Enhanced Predictive Analysis of Brain Tumor Survival Using Multimodal Data Integration
摘要
By utilizing cutting-edge machine learning and deep learning techniques, this study seeks to improve predictive analysis for brain tumors and overall survival prediction. We use imaging data, radiomics properties, and clinical information to create a strong model that outperforms current techniques. Our method combines logistic regression, random forests, and support vector machines (SVMs) to predict survival and uses convolutional neural networks (CNNs) to detect tumors. The findings demonstrate notable gains in accuracy and dependability, which support improved patient outcomes and individualized treatment plans.

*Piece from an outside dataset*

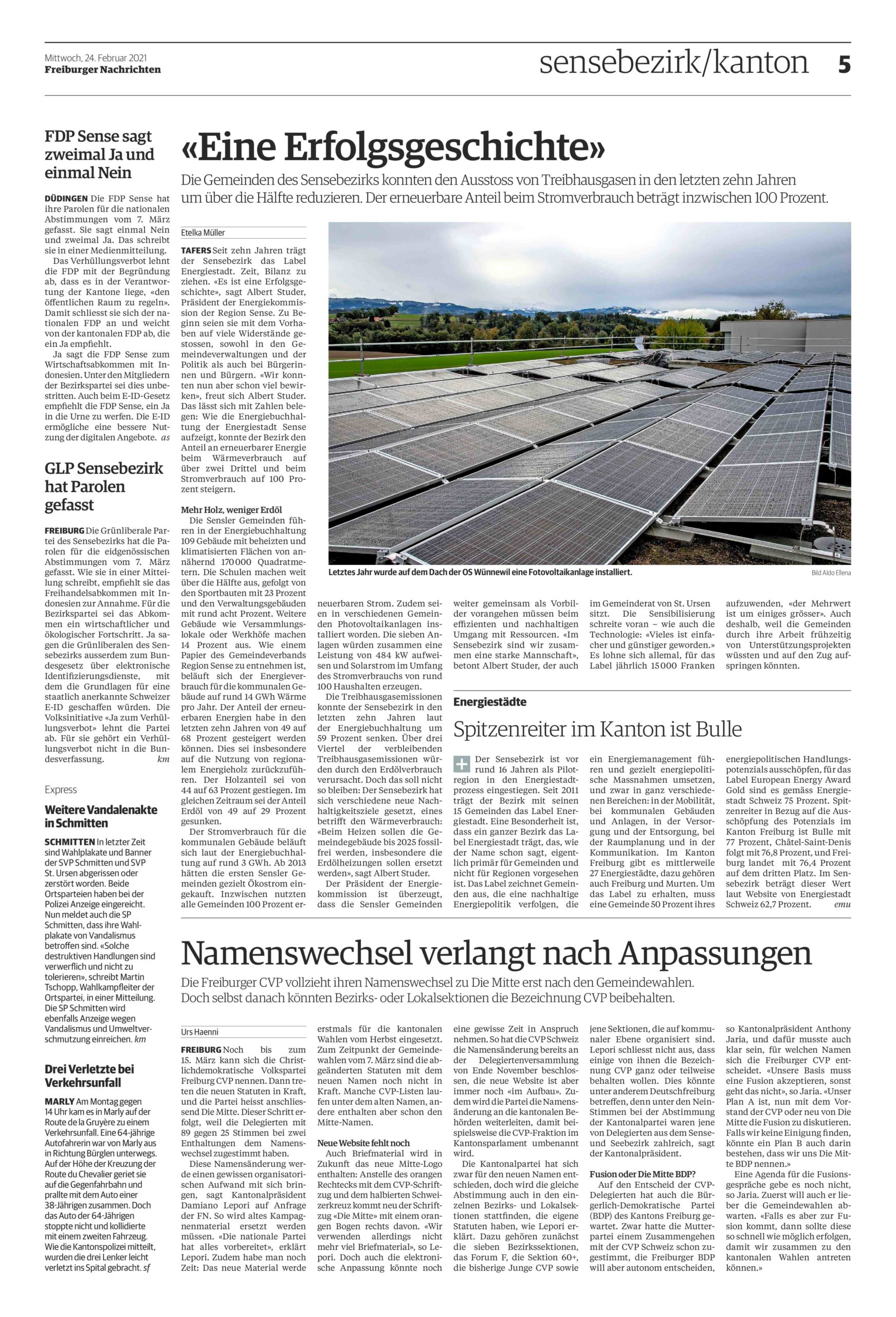 Die Gemeinden des Sensebezirks arbeiten seit zehn Jahren mit dem Energiebuchhaltungsprogramm EnerCoach, um die Verbräuche und Effizienz ihrer Gebäude und Anlagen zu messen. In einem Zeitungsartikel der Freiburger Nachrichten blickt der Präsident der regionalen Energiekommission (zurück) auf die Energiebuchhaltung und die Entwicklung der kommunalen Energieverbräuche. NET begleitet im Rahmen eines Beratungsmandats die Gemeinden des Sensebezirks u.a. bei der Energiebuchhaltung.

Brain tumors have a dismal prognosis and are among the most aggressive types of cancer, especially glioblastomas. Improving patient outcomes requires early identification and precise survival prediction. Using clinical variables, radiomics data, and imaging modalities, this work suggests an improved prediction model that combines deep learning (DL) and machine learning (ML) approaches. We significantly increased accuracy by integrating machine learning techniques for survival prediction with convolutional neural networks (CNNs) for tumor identification. The suggested framework outperformed current techniques with a tumor detection accuracy of 99% and a survival prediction C-Index of 0.85. Our results demonstrate the promise of AI-powered strategies in neuro-oncology.